Before you upload your Tar archive to a S3 storage, you need to create a table of its content with start points and length of the files:

tar -tvf AA.tar -R > toctemp.txt

Next, you need a little awk script which calculates the length of the files and print the result together with the starting point. Save the folowing code as “calculateFiles.sh”:

awk '
BEGIN{
  getline;
  f=$8;
  s=$5;
}
{
  offset = int($2) * 512 - and((s+511), -512)
  print offset,s,f;
  f=$8;
  s=$5;
}'

Now, pipe the content of the previous file you created into that script and save the result as “toc.txt”:

cat toctemp.txt | /root/calculateFiles.sh > toc.txt

The toc.txt contains now lines like this:

316492288 3501474 AA/wiki_85

The first number indicates the starting byte of the file, the second one its length and the third column contains the filename.

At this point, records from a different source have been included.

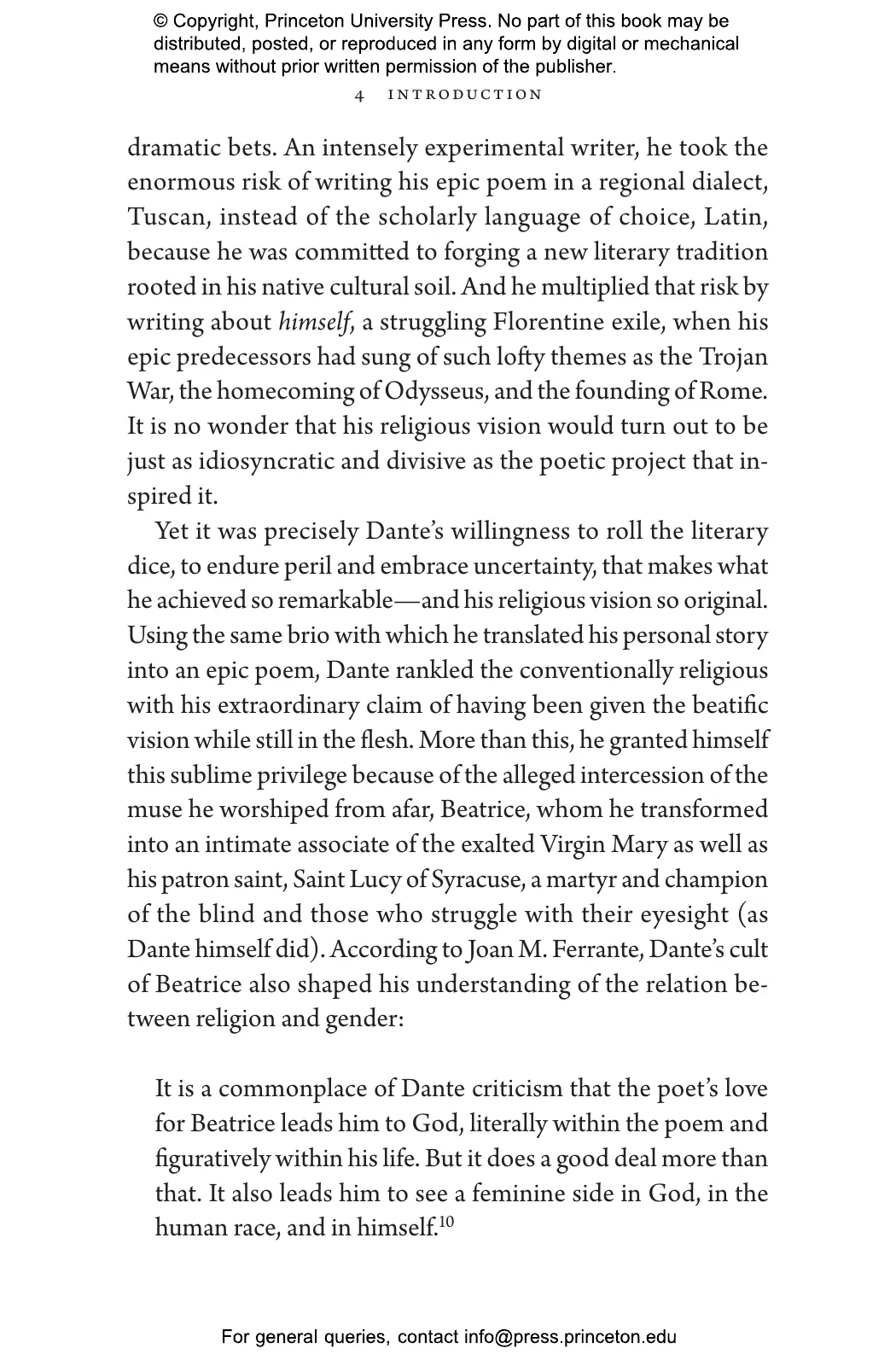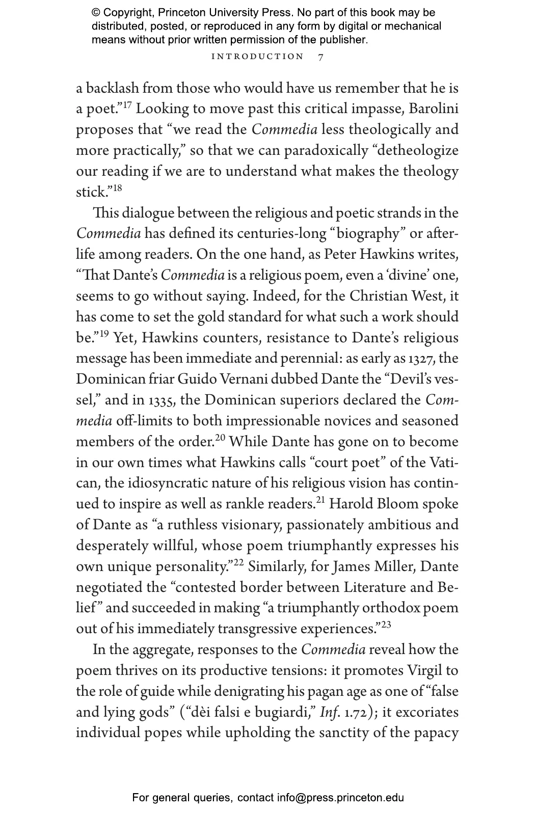 Written during his exile from Florence in the early 1300s, Dante Alighieri鈥檚 Divine Comedy describes the poet鈥檚 travels through hell, purgatory, and paradise, exploring the state of the human soul after death. His poema sacro, sacred poem, profoundly influenced Renaissance writers and artists such as Giovanni Boccaccio and Sandro Botticelli and was venerated by modern critics including Erich Auerbach and Harold Bloom. Dante鈥檚 鈥淒ivine Comedy鈥 narrates the remarkable reception of Dante鈥檚 masterpiece, one of the most consequential religious books ever written.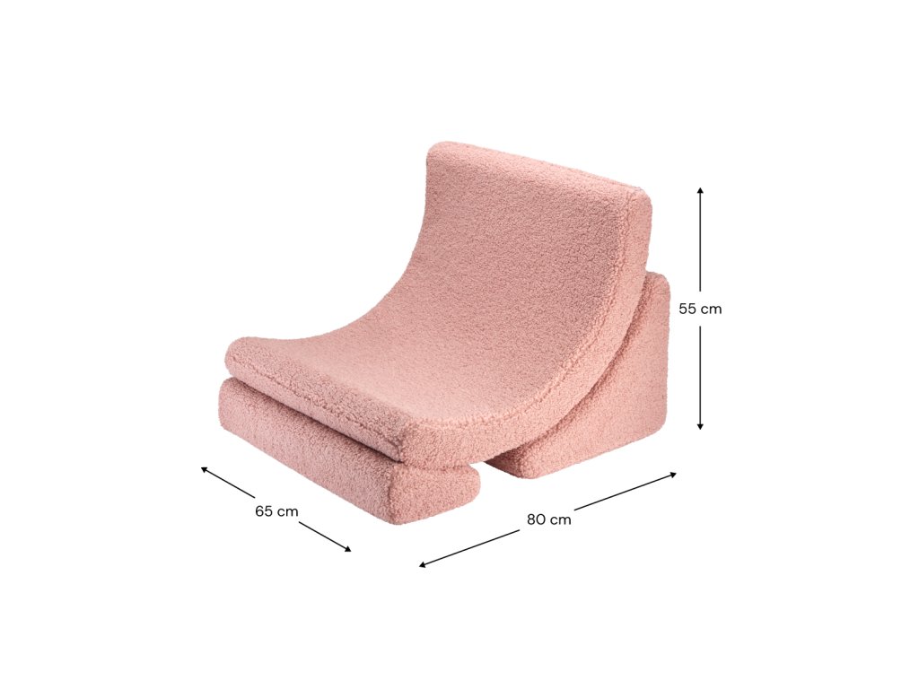 Elegantní růžový odstín bouclé působí jemně a zároveň hravě. Snadno zapadne do moderního dětského pokoje i rodinného obývacího prostoru. Toto dětské křeslo tak není jen praktickým místem pro sezení, ale také stylovým doplňkem interiéru.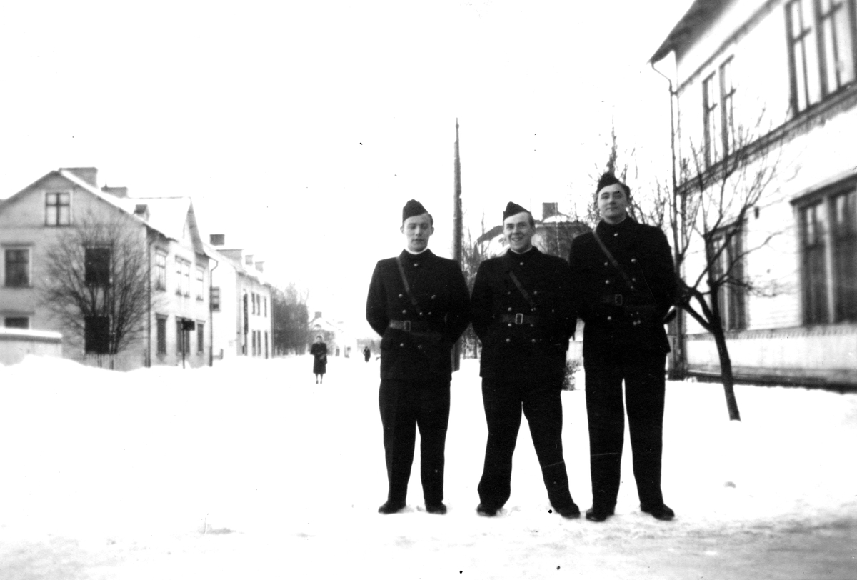 Tre militärer står på en gata i Boden, 1944.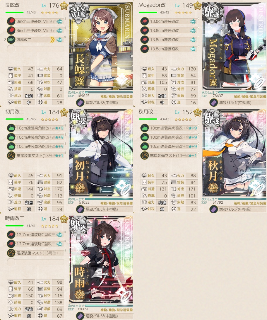 ボス到達率は下がりますが、駆逐4潜母1や練巡1駆逐4でも問題ありません。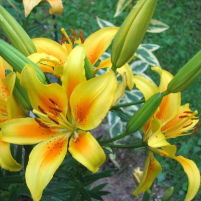 Высота стебля достигает 90 см. Цветет эта лилия в конце июня и начале июля. Цветок кремово-желтый с яркими оранжевыми акцентами ближе к центру и небольшим крапом. Этот сорт предпочитает солнечные места и выносит небольшое затенение. Лилии Тату отлично смотрятся в групповых посадках и букетах, а также подходят для выгонки.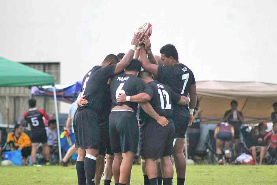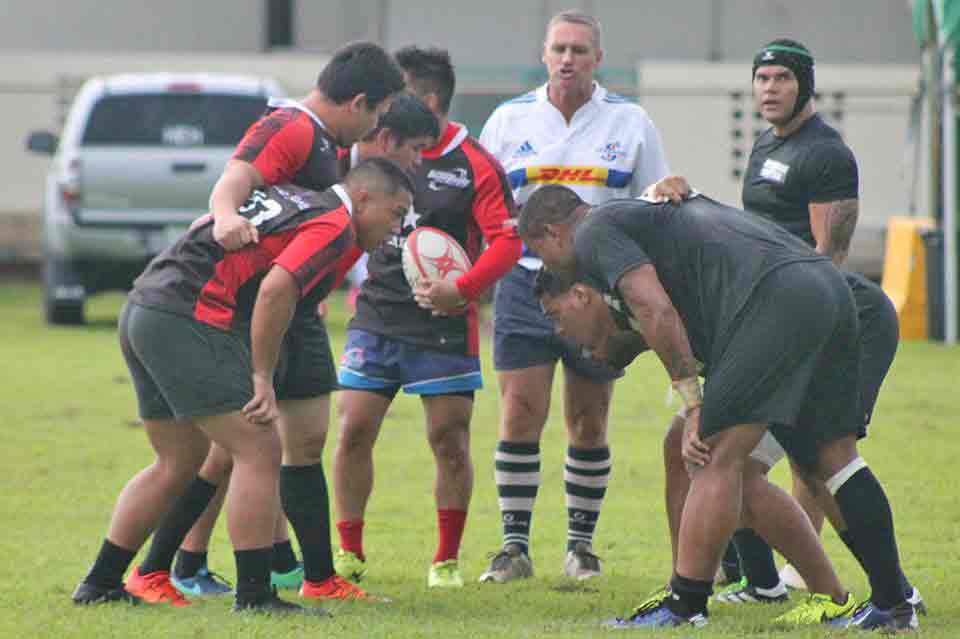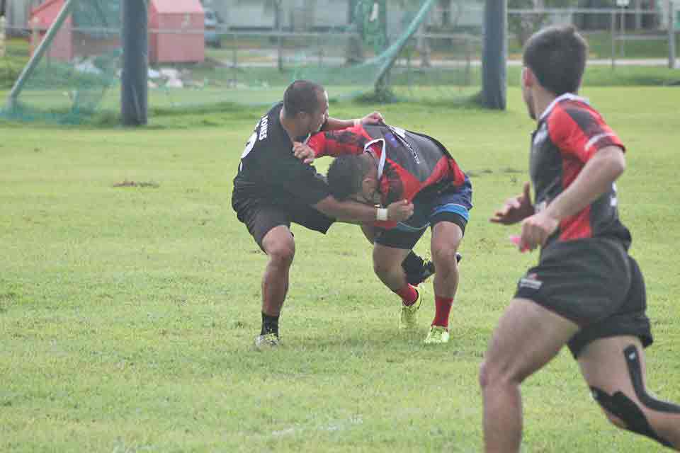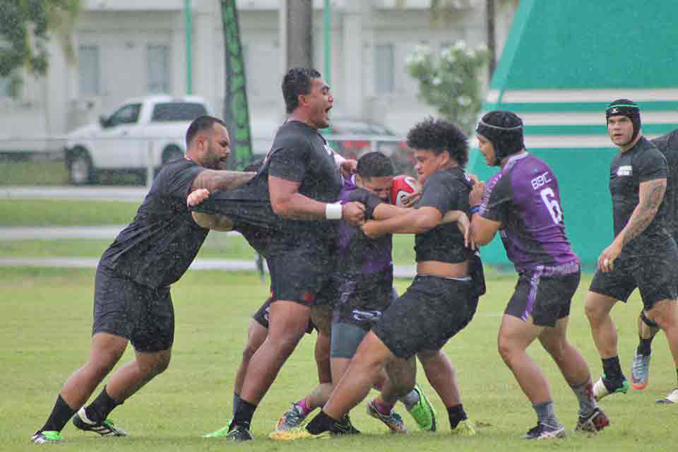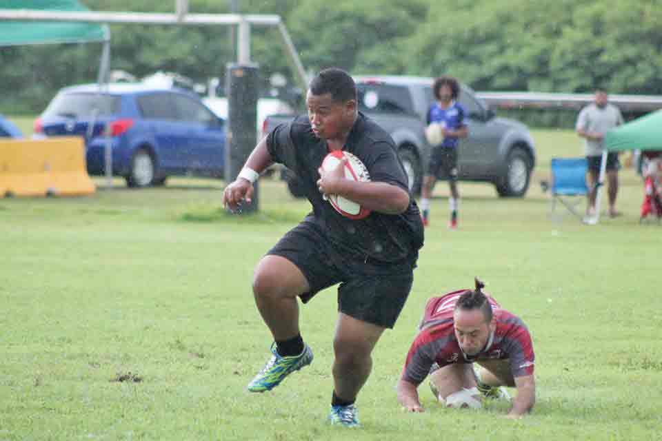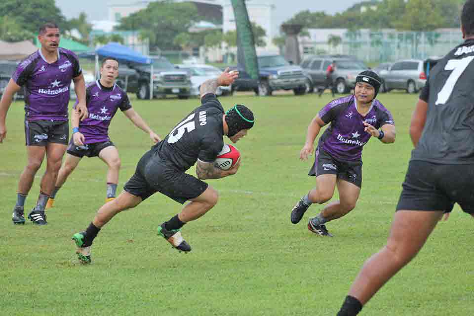 The CNMI’s Kelvin Fitial holds his ground against a tackle from The Alliance defender during their game in the 2017 Heineken Guam Rugby Sevens held at the University of Guam Calvo Field House in Mangilao last weekend.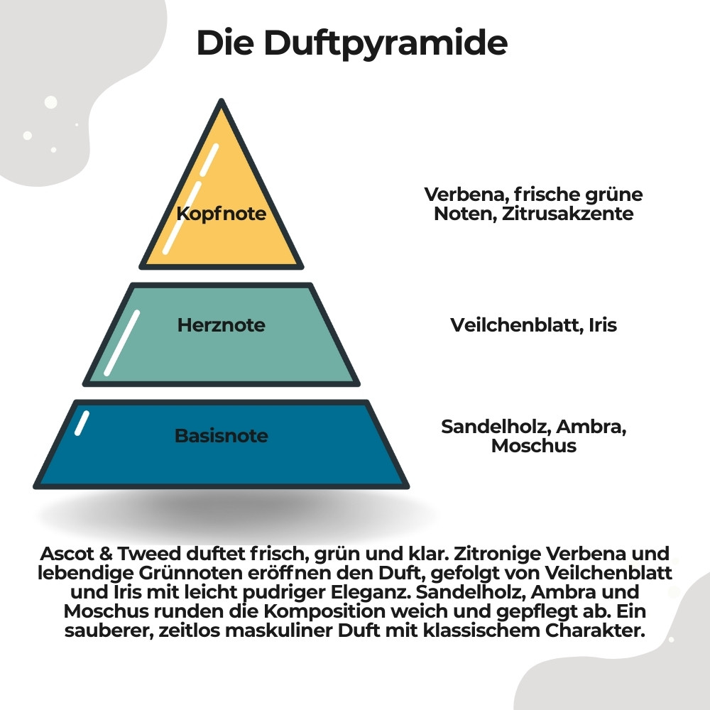 Dazu kommt ein Duft, der wie frisch gewaschene Eleganz funktioniert: grüne Zitrusfrische, eine aufgeräumte, leicht pudrige Mitte und eine weiche Wärme im Hintergrund. So kann das Aftershave Ascot & Tweed die Rasierseife perfekt abrunden.

Once you have uploaded the Tar archive to an S3 storage, you can now download an individual file with the following script. Don’t forget to adjust the S3 configuration, name of the Tar archive and the start position and length of the file you want to retrieve:

import boto3
import botocore
import s3credentials
import sys

# Initialize a S3 client:
session = boto3.session.Session()
s3_client = session.client(
    service_name='s3',
    aws_access_key_id=s3credentials.rdo["key"],
    aws_secret_access_key=s3credentials.rdo["secret"],
    endpoint_url=s3credentials.rdo["url"],
    config=botocore.client.Config(signature_version='s3'),
)

# Start position and length of the file we want to get from the Tar archive:
startPos = 316492288
length = 3501474

stopPos = startPos + length

# Lets get the file and print it:
resp = s3_client.get_object(Bucket='parttest', Key='AA.tar', Range='bytes={}-{}'.format(startPos, stopPos))
text=resp['Body'].read().decode("utf-8")

print(text, end='')